[Dataset excerpts]
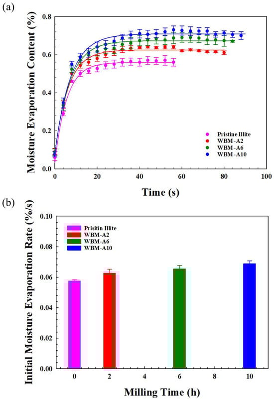 As the wet ball-milling process progressively reduced particle size and increased the surface area of illite, the moisture-evaporation and retention behavior also changed significantly, reflecting the combined effects of surface exposure and diffusion-limited moisture transport within the milled illite particles. Figure 9a and Figure 9b show the moisture evaporation content (MEC) as a function of time and the initial evaporation rate (RiM) values for pristine illite particles and the illite particles ball-milled in acetone for 2, 6, and 10 h (WBM-A2, WBM-A6, and WBM-A10), respectively. To quantitatively elucidate the evaporation dynamics and establish a definitive mathematical dependency on milling duration, the MEC profiles in Figure 9a were fitted using a first-order kinetic model (3-parameter exponential rise function): MEC(t) = yi + c · (1 − e−dt). In this framework, yi represents the baseline offset, c denotes the asymptotic evaporation capacity (maximum moisture content), and d serves as the evaporation rate constant. This model explicitly captures both the early-stage evaporation kinetics and the long-term moisture retention behavior within a unified mathematical framework. The fitted kinetic parameters (yi, c, and d) obtained from this model are summarized in Table 5, along with the corresponding coefficients of determination (r2), providing a quantitative comparison of moisture-evaporation behavior as a function of milling time. For all samples, the MEC initially increased sharply, and their RiM were 0.058 ± 0.001%, 0.063 ± 0.003%, 0.065 ± 0.002%, and 0.069 ± 0.002%, respectively, indicating a gradual increase with milling time. The faster initial evaporation observed for samples with longer milling times reflects their reduced particle size and enlarged SBET, both of which accelerate early-stage moisture release. The high statistical correlation (r2 > 0.99 for all systems) confirms that moisture release follows a well-defined kinetic pathway, governed by the structural evolution of the illite aggregates. In addition, the maximum moisture content, represented by the evaporation capacity parameter (c), increased steadily with the values of 0.57 ± 0.002%/s, 0.64 ± 0.01%/s, 0.70 ± 0.01%/s, and 0.73 ± 0.03%/s for pristine illite particles, WBM-A2, WBM-A6, and WBM-A10, respectively. This monotonic increase in the c values directly correlates with the increased SBET, indicating enhanced water adsorption capacity associated with expanded external surfaces and newly formed mesoporous structures. Meanwhile, the evaporation rate constant (d) reflects the accelerated mass transfer through the newly developed mesoporous network. Despite exhibiting higher RiM, the samples showed higher maximum moisture content and longer retention times. In particular, WBM-A10 retained its highest maximum moisture content for the longest period. This behavior is attributed to the greater moisture adsorption capacity associated with reduced particle size and enlarged surface area [49].
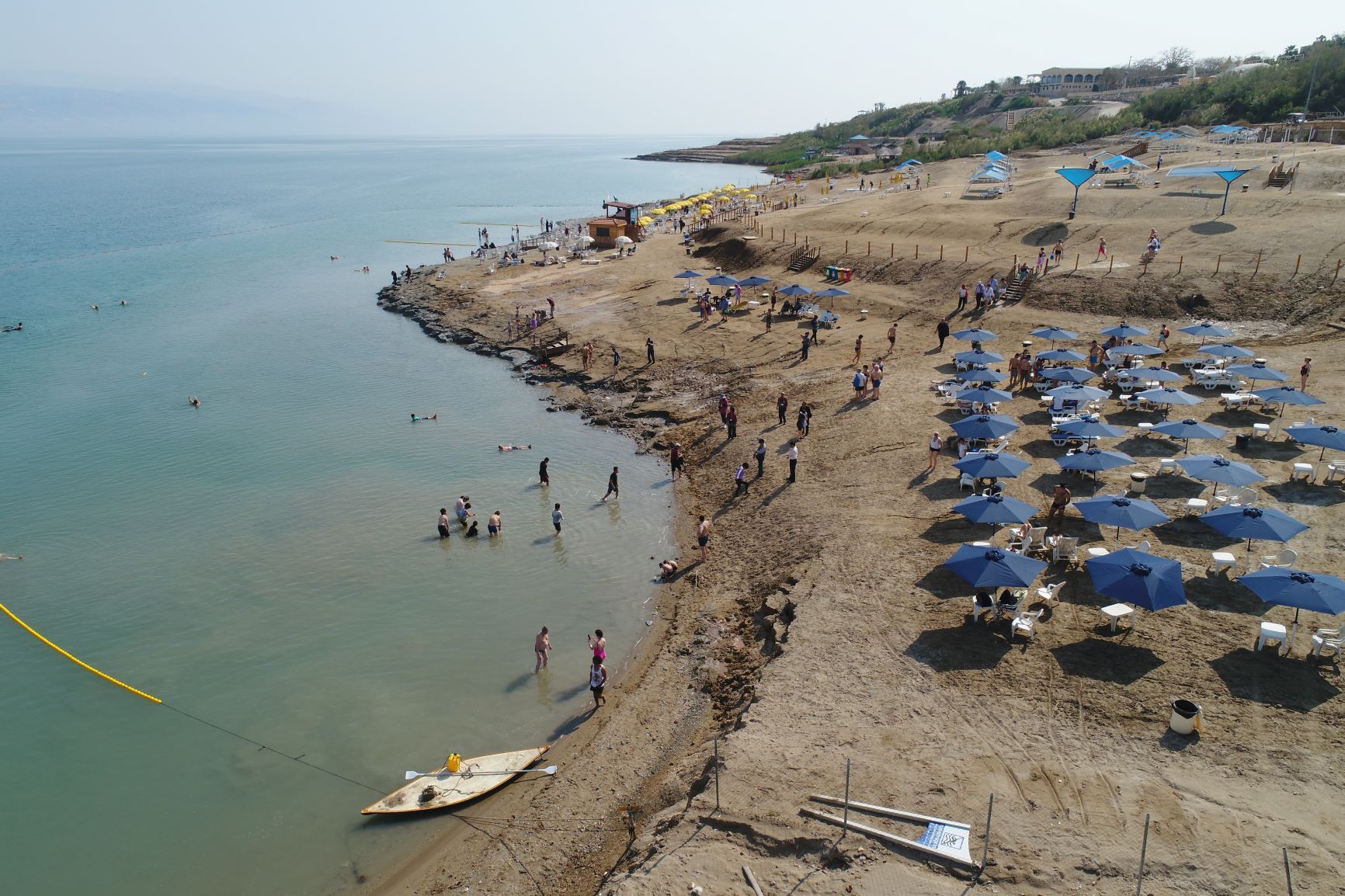 Kalia Beach es una de las playas organizadas más accesibles del Mar Muerto, situada en la orilla norte, dentro del kibutz Kalia, en el territorio de Cisjordania bajo administración israelí. A diferencia de tramos naturales o zonas hoteleras privadas, funciona como playa pública gestionada, con servicios básicos bien resueltos y un ambiente tranquilo, frecuentado tanto por locales como por viajeros independientes.
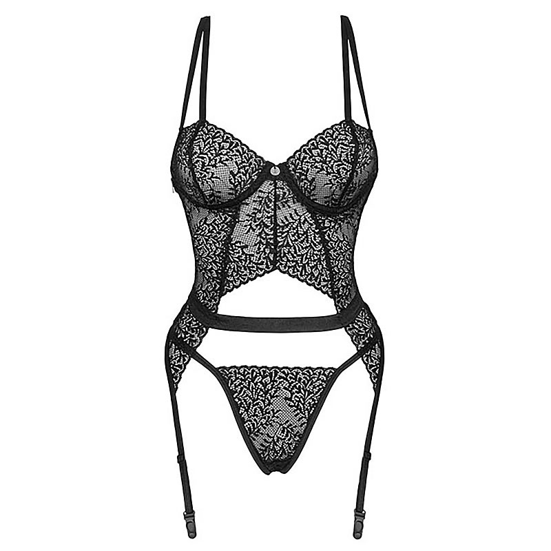 Undertrøje og strømpesæt Yaskana fra Obsessive lavet af fine blonder.
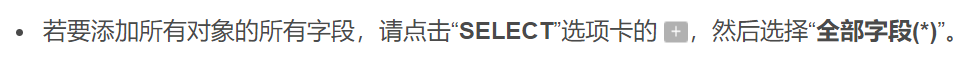 已选择的字段会显示在“SELECT”选项卡。你可以在那里指定其他输出字段选项。
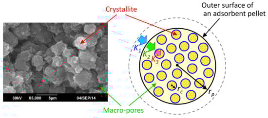 From the results in Figure 8, it is estimated that the gas diffusion inside an adsorbent pellet occurs in accordance with the effect of a hierarchal pore structure consisting of the macro-pores between crystallites and micro-pores in the crystallite, which creates sequential gas diffusion steps. In addition, an external gas diffusion layer outside the pellet surface is also created and has some effect on the overall gas diffusion behavior. Figure 9 shows a schematic image of the hierarchal pore structure and the gas diffusion into an adsorbent pellet having a pellet radius of rp. The gas diffusion stages are indicated by the different colors of the bold arrows. In Figure 9, K1 is the volumetric mass transfer coefficient in the external gas diffusion layer, and its value depends on the gas flow conditions around the outer area of the pellet. K2 is the volumetric mass transfer coefficient in the macro-pores between crystallites, which is closely related to the macro-pore size inside the pellet. K3 is the volumetric mass transfer coefficient in the micro-pores inside a crystallite having a radius of rc. From the SEM image in Figure 9, the size of the crystallite seems not to be uniform; therefore, rc can be roughly characterized by the average size of the crystallites inside the pellet.
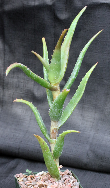 This species is from east-central Africa, centered on Malawi and extending northwards and southwards. This shrubby species produces few branches, each of which bear a terminal rosette of gray-green leaves with a bluish cast and faint lines. The flowers are red. We have some difficulty growing these plants in Tucson owing to the high summer heat, and we wouldnt even consider growing this species outdoors in the winter. These plants are rooted offsets in 5-inch pots.
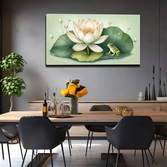 Lotus & Frog Wall Art Canvas Office Home Room Framed 120x60cm
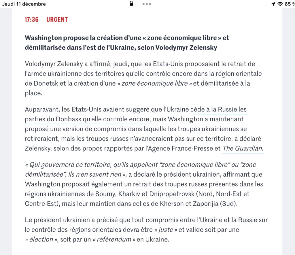 Ce n’est pas la première concession de l’Ukraine, le président Ukrainnien s’étant même dit près à céder ça place si cela pouvait mettre fin à la guerre et garantir la sécurité de l’Ukraine…
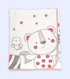 Ti TIN - weiche, saugfähige Babydecke, 80x75 cm | Krabbeldecke aus 100% Baumwolle mit doppellagigen Stoff, Babydecke fürs Auto, Wiege, Kinderwagen, Babyschale, etc,Motiv: Tiere, Farbe: rosa
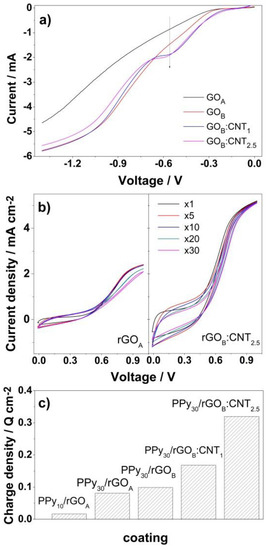 Cathodic scans of GO-modified substrates (V vs. Ag/AgCl) (a); voltammogram evolution for polypyrrole (PPy) electrodeposition with substrate and number of cycles (V vs. Ag/AgCl) (b); evolution of PPy deposition charge density as a function of loading cycle number (10 and 30) onto rGOx:CNTy coatings (c).
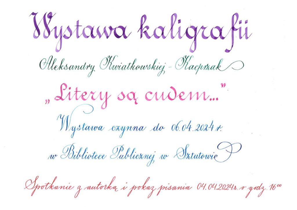 Zapraszamy na wystawę kaligrafii Aleksandry Kwiatkowskiej-Kacprzak pt. „Litery są cudem…”
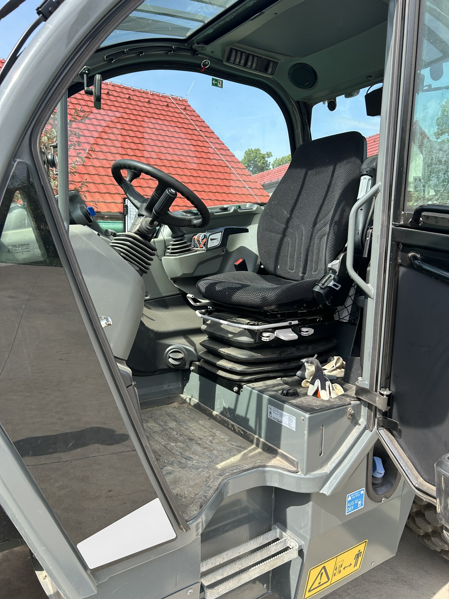 komfortní, odpružená kabina ROPS/FOPS, odhlučněná, odizolovaná pružnými elementy, s viditelností v úhlu 360°; akustický a světelný indikátor zatížení výložníku; reverzace směru jízdy umístěna na joysticku; veškeré ukazatele umístěny v multifukčním displeji o uhlopříčce 18 cm, nastavitelná citlivost pracovní hydrauliky ve třech úrovních; nedělené panoramatické čelní okno s vynikajícím výhledem
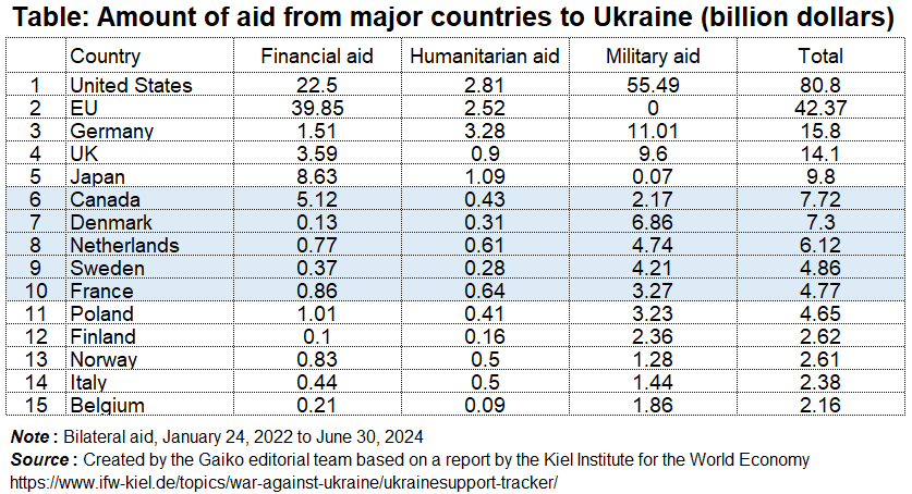 As of June 2024, the international community has donated a total of $210.8 billion to Ukraine, led by the United States with $80 billion (military, humanitarian, and financial aid). Japan has donated $9 billion, making it the fifth largest donor after the United States, the European Union (EU), Germany, and the United Kingdom. The EU and Japan specialize in financial and humanitarian aid (see table).
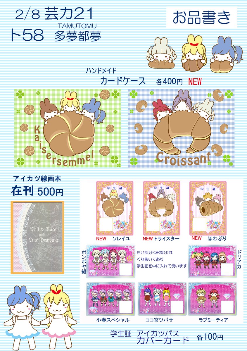 2/8 芸カ21のお品書きです 新作は カードケース、学生証カバーカードです。 追加で何か増えましたら別途告知します。 #芸カ21 #芸カ21お品書き
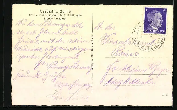 Personenbezogene Daten auf der Rückseite der Karte wurden durch blauen Textmarker unkenntlich gemacht. Die blauen Stellen sind auf die Vorderseite durchgeweicht und wirken sich negativ auf das Postkartenfoto aus
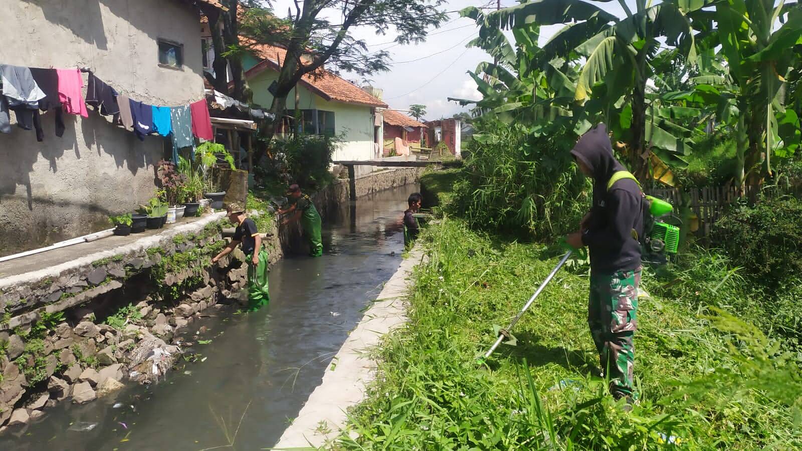 Terpantau di lokasi Satgas melakukan pembabatan rumput liar dengan menggunakan mesin pemotong rumput dan alat manual lainnya, kendati demikian Satgas tetap melakukan pembersihan secara maksimal sehingga sungai nampak bersih dan bantarannya menjadi rapi.
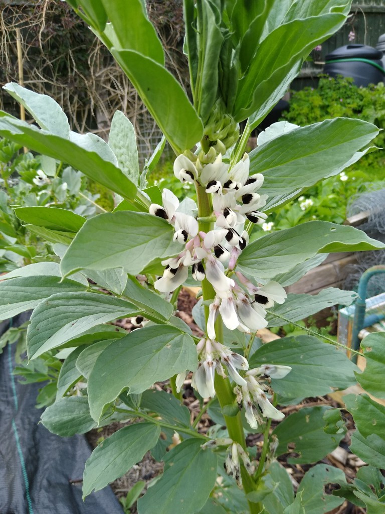 The broad beans are flowering well. They’ll soon have pods developing and delicious baby beans to enjoy with new potatoes and mint sauce.
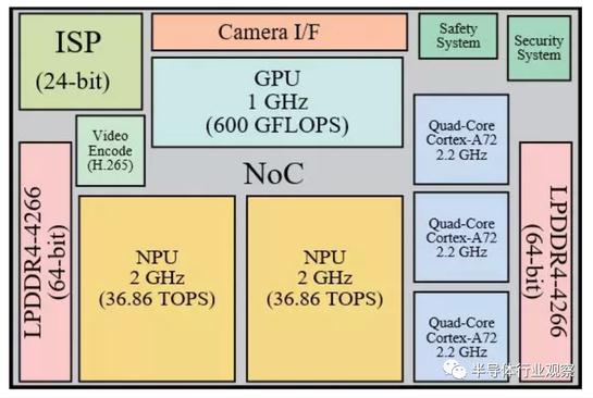 從架構(gòu)上來看,F(xiàn)SD 芯片不但有傳統(tǒng)的 CPU 和 GPU 部分,還加入了特別定制的 NNP(Neural Network Processor)、ISP 等部分,共同組成了一個龐大的 SoC 芯片。其中 CPU 采用的是 Cortex-A72 架構(gòu),三組、每組 4 個核心,一共有 12 個核心,最高運(yùn)行頻率為 2.2GHz,這部分處理器核心用于通用的計算和任務(wù)。GPU 方面,特斯拉設(shè)計了一個支持 FP32 和 FP64 的 GPU 模塊,主頻最高 1GHz,最高計算能力約為 600GFLPS。
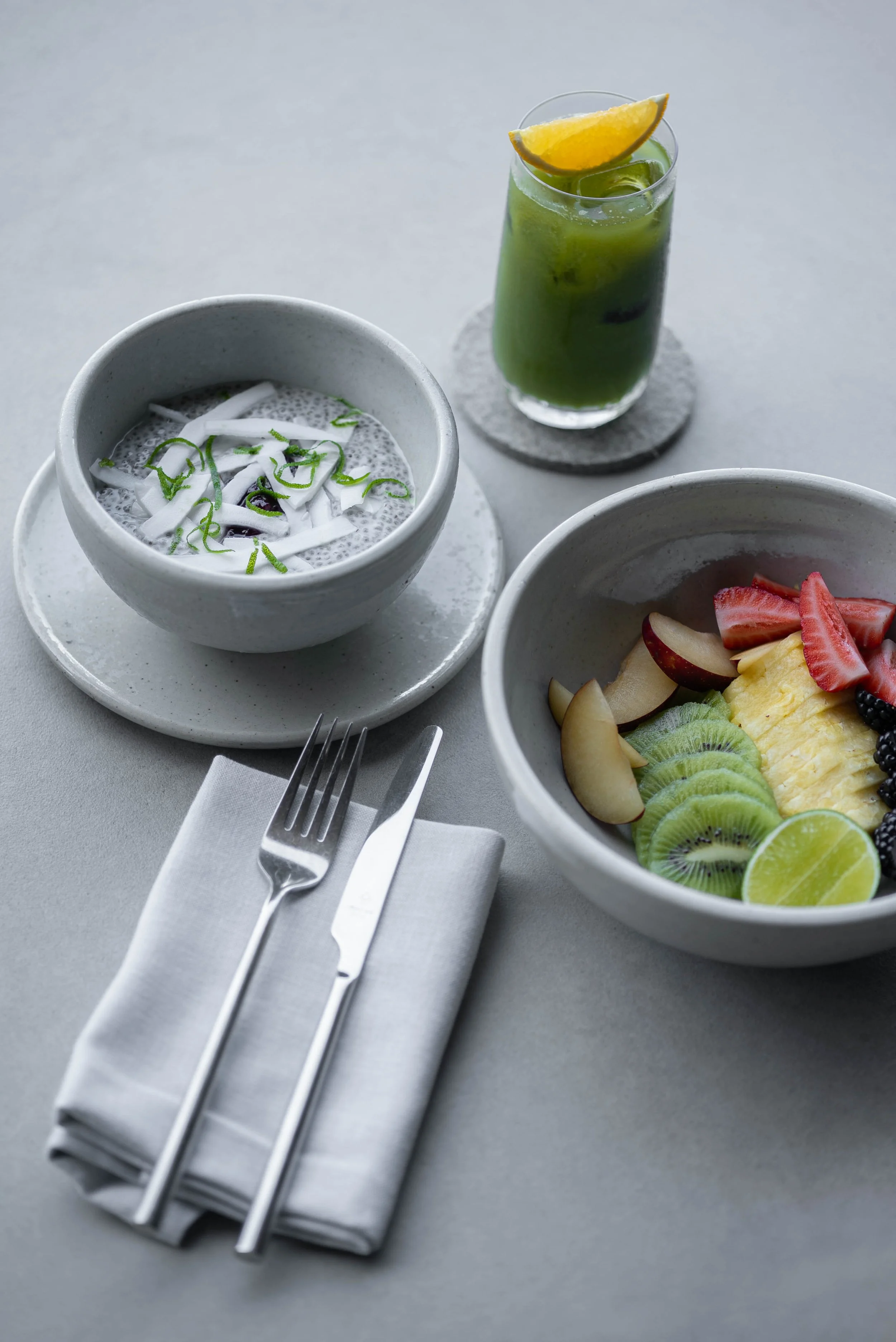 Berries, watermelon, chia, coconut water, lime

Your instructions: Look above for the line with "This species is" and copy exactly from it through the line with "Zapraszamy na wystawę", both included. Omit the pictures.

Result:
 This species is from east-central Africa, centered on Malawi and extending northwards and southwards. This shrubby species produces few branches, each of which bear a terminal rosette of gray-green leaves with a bluish cast and faint lines. The flowers are red. We have some difficulty growing these plants in Tucson owing to the high summer heat, and we wouldnt even consider growing this species outdoors in the winter. These plants are rooted offsets in 5-inch pots.
 Lotus & Frog Wall Art Canvas Office Home Room Framed 120x60cm
 Ce n’est pas la première concession de l’Ukraine, le président Ukrainnien s’étant même dit près à céder ça place si cela pouvait mettre fin à la guerre et garantir la sécurité de l’Ukraine…
 Ti TIN - weiche, saugfähige Babydecke, 80x75 cm | Krabbeldecke aus 100% Baumwolle mit doppellagigen Stoff, Babydecke fürs Auto, Wiege, Kinderwagen, Babyschale, etc,Motiv: Tiere, Farbe: rosa
 Cathodic scans of GO-modified substrates (V vs. Ag/AgCl) (a); voltammogram evolution for polypyrrole (PPy) electrodeposition with substrate and number of cycles (V vs. Ag/AgCl) (b); evolution of PPy deposition charge density as a function of loading cycle number (10 and 30) onto rGOx:CNTy coatings (c).
 Zapraszamy na wystawę kaligrafii Aleksandry Kwiatkowskiej-Kacprzak pt. „Litery są cudem…”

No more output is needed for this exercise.